LGC’s essential daily briefing
Today’s departing chief: People news: County chief retires
Today’s reorganisation rethink: Lincolnshire abandons reorganisation referendum
Today’s talking point: Matthew Taylor: Inclusive growth depends on radical change
“It’s far easier to get into trouble than it is to get out of it. One misjudged comment and you slip straight back down to square one; when in deep trouble, do not use humour, especially with certain mirthless parties.”
So said outgoing Birmingham City Council chief executive Mark Rogers back in November 2015 when writing about his experience of government intervention for LGC. The typically frank comments may provide some clue as to the origins of Mr Rogers’ current difficulties and the furore that has engulfed the council since his departure was hastily announced on Monday. The Birmingham improvement panel’s latest letter to the communities secretary, published today, does little to dispel claims that its members were keen to see the back of Mr Rogers.
In the same LGC article Mr Rogers stated that “making a difference isn’t a spectator sport” and called on the improvement panel to recognise that “we respond best when we are valued”.
He continued: “Those who have cracked this simple code know that they have me eating out of their hands. Those that haven’t will find I sometimes bite the hand that feeds me.”

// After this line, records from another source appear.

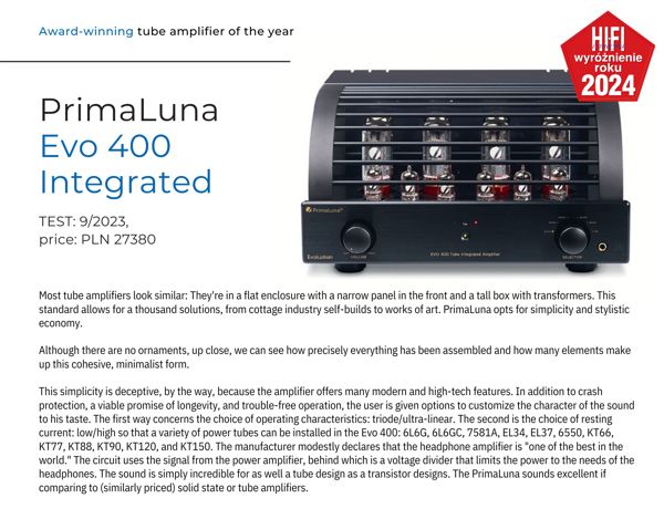 Read morePrimaLuna EVO 400 Tube Integrated Amplifier wins Hi-Fi Muzyka "Product Of The Year 2024" Award
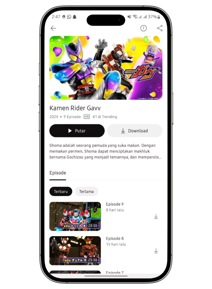 Episode berikutnya bisa diputar langsung tanpa perlu memilih ulang. Fitur ini cocok untuk Anda yang ingin menonton banyak episode sekaligus.
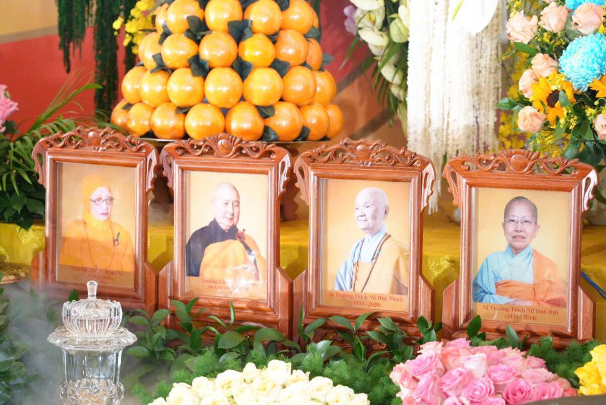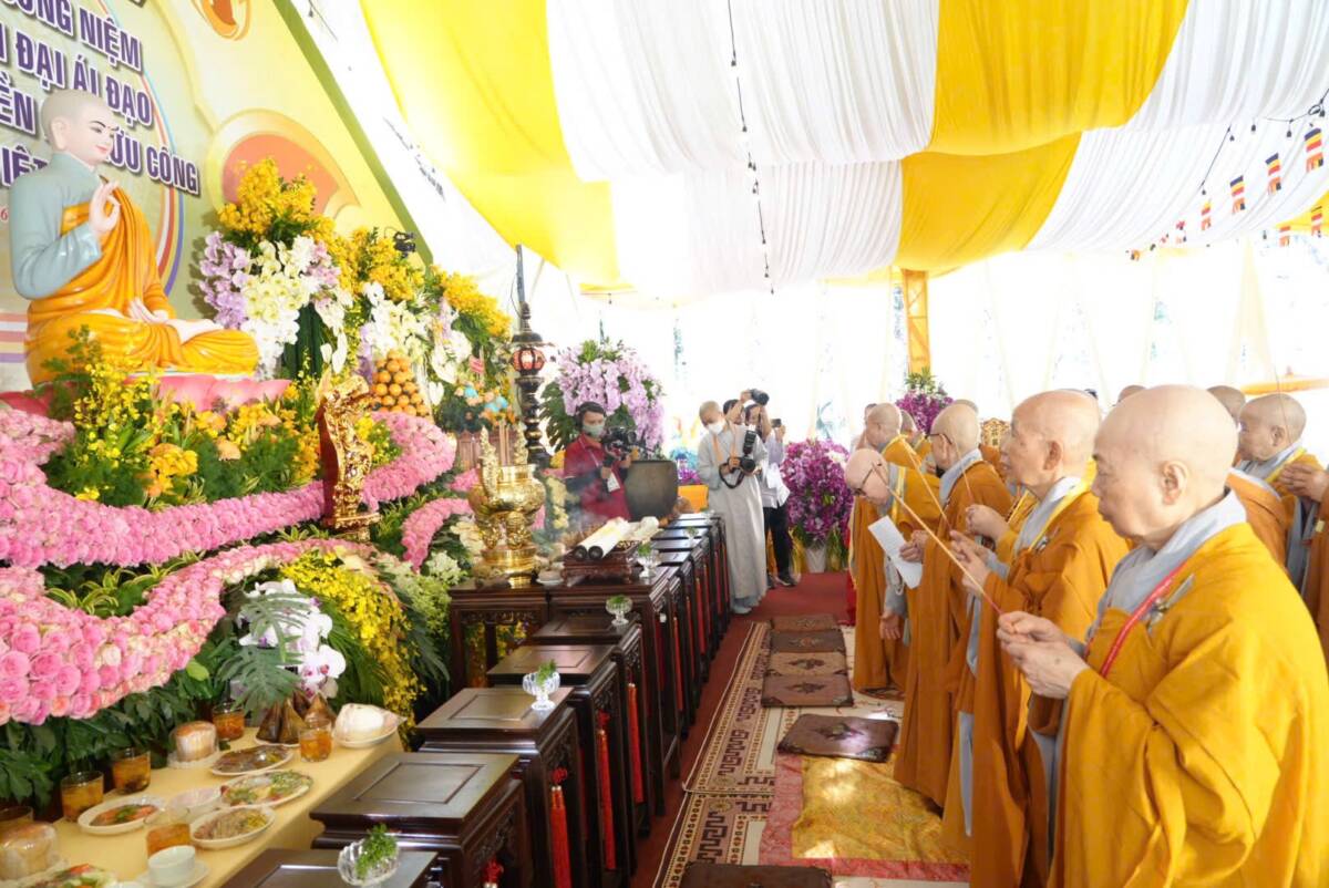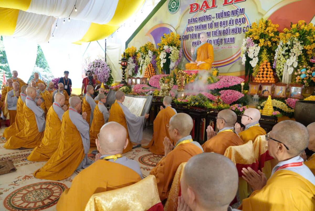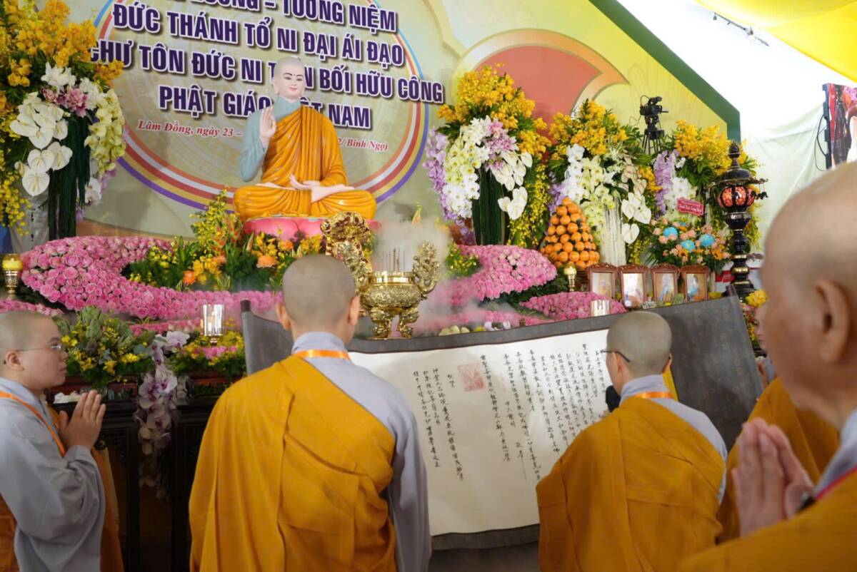 Trong giây phút lắng đọng, khi khói trầm nhẹ lan tỏa trước tôn dung Đức Thánh Tổ, toàn thể đại chúng đồng nhiếp tâm thanh tịnh, chí thành đảnh lễ Đức Thánh Tổ Ni Đại Ái Đạo – bậc đã mở rộng quảng đại giải thoát môn, khải phát Ni lưu trong giáo pháp của Như Lai; đồng thời tưởng niệm chư vị Tỳ-kheo Ni phàm thánh lịch đại Bắc truyền Nam hóa trong dòng truyền thừa Kiều Đàm Ni phái, cùng giác linh chư Tôn đức Ni tiền bối hữu công đã dày công dựng lập đạo tràng, truyền giáo, truyền giới, truyền đăng tục diệm, làm cho đạo mạch Ni đoàn được tiếp nối và sáng mãi đến hôm nay.
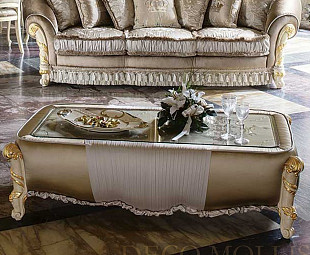 Журнальный прямоугольный столик с обивкой из ткани, и со стекляной столешницей Madame Royale выполнен в классическом стиле с помощью консультаций лучших итальянских архитекторов. Столик выполнен в окрасе под губку в бежевом цвете и специальной отделке под золото. Строгий, но приятный дизайн в классическом стиле, где присутствует утончённость вкуса, который отличает эту мебель и придаёт ей элегантность. Столик сделан из высококачественного массива дерева и украшена золотой фольгой, так же украшает столик продуманная с особым вниманием изящная резьба по дереву ручной работы. Итальянский столик Madame Royale наполнит ваш дом изысканностью, роскошью и уютом.

In other words, constructive support which recognises the individuals involved are not setting out to do a bad job is much more likely to achieve improvement than a confrontational top-down approach which seeks to apportion blame.
The government should bear this in mind if it presses ahead with its reported plan to send Care Quality Commission inspectors into councils in return for making extra cash available to spend on social care. That there are strings attached to additional funding is not a surprise: the prime minister’s comments on social care funding to date show she is firmly of the view that some councils are inefficient and poorly organised. Variations in levels of delayed transfers of care, though a product of many variables, do suggest some councils have gains to be made.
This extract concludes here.